DATA EXTRACT:
***
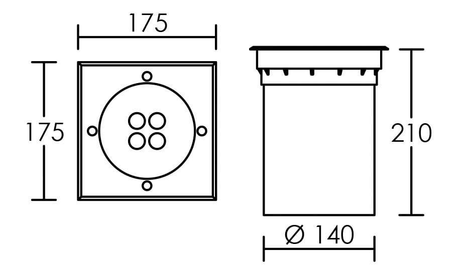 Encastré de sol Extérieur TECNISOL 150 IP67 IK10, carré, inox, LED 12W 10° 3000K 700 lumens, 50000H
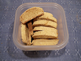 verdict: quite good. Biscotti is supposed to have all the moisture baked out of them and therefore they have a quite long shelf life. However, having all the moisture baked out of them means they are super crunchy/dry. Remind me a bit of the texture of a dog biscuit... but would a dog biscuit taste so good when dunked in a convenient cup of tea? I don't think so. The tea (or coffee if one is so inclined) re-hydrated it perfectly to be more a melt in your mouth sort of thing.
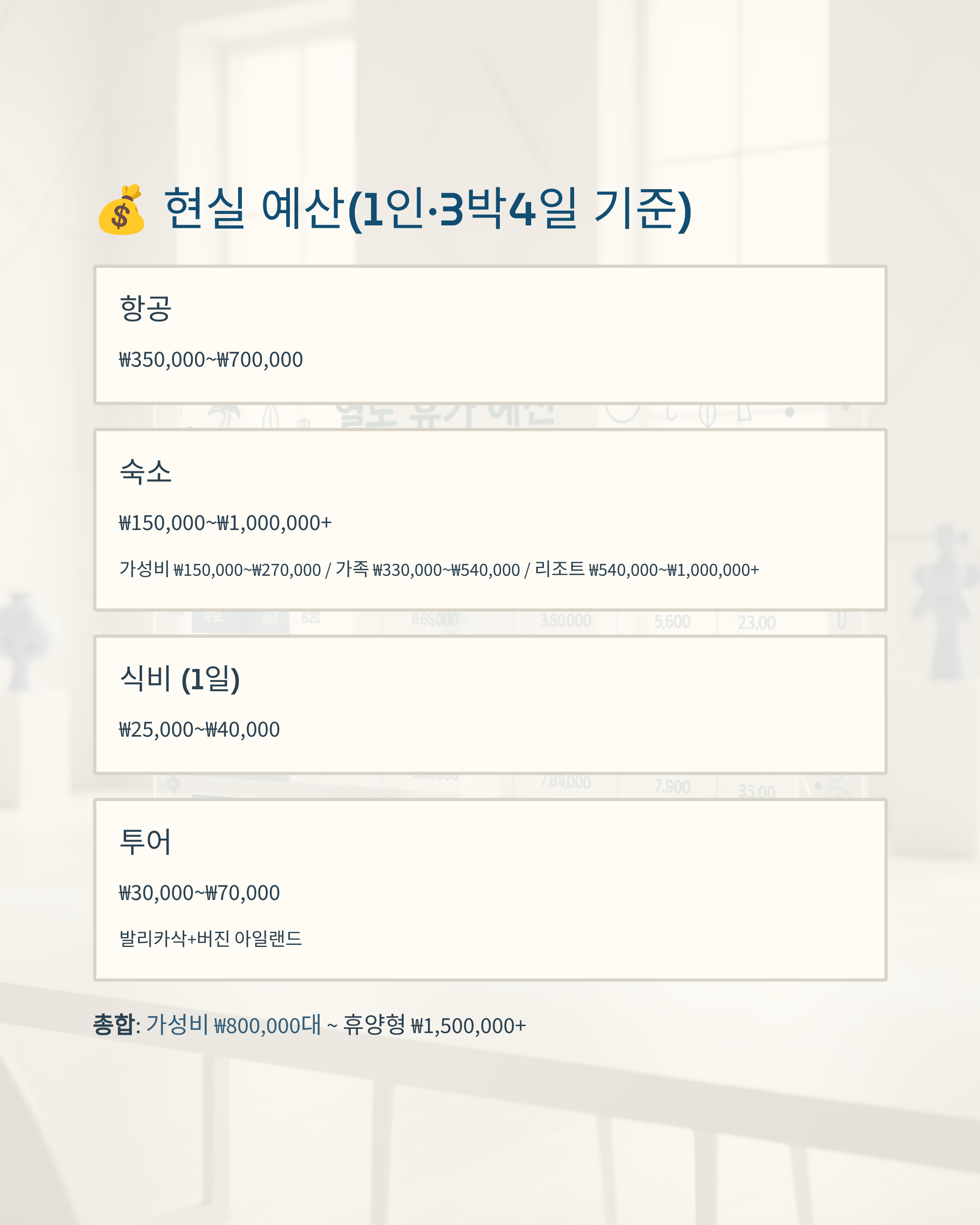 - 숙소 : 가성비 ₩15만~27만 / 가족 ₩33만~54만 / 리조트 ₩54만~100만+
***
WHAT YOU SHOULD DO: From the first line to the last, copy the listing above exactly, dropping all images.

WRITTEN ANSWER:
 Encastré de sol Extérieur TECNISOL 150 IP67 IK10, carré, inox, LED 12W 10° 3000K 700 lumens, 50000H
 verdict: quite good. Biscotti is supposed to have all the moisture baked out of them and therefore they have a quite long shelf life. However, having all the moisture baked out of them means they are super crunchy/dry. Remind me a bit of the texture of a dog biscuit... but would a dog biscuit taste so good when dunked in a convenient cup of tea? I don't think so. The tea (or coffee if one is so inclined) re-hydrated it perfectly to be more a melt in your mouth sort of thing.
 - 숙소 : 가성비 ₩15만~27만 / 가족 ₩33만~54만 / 리조트 ₩54만~100만+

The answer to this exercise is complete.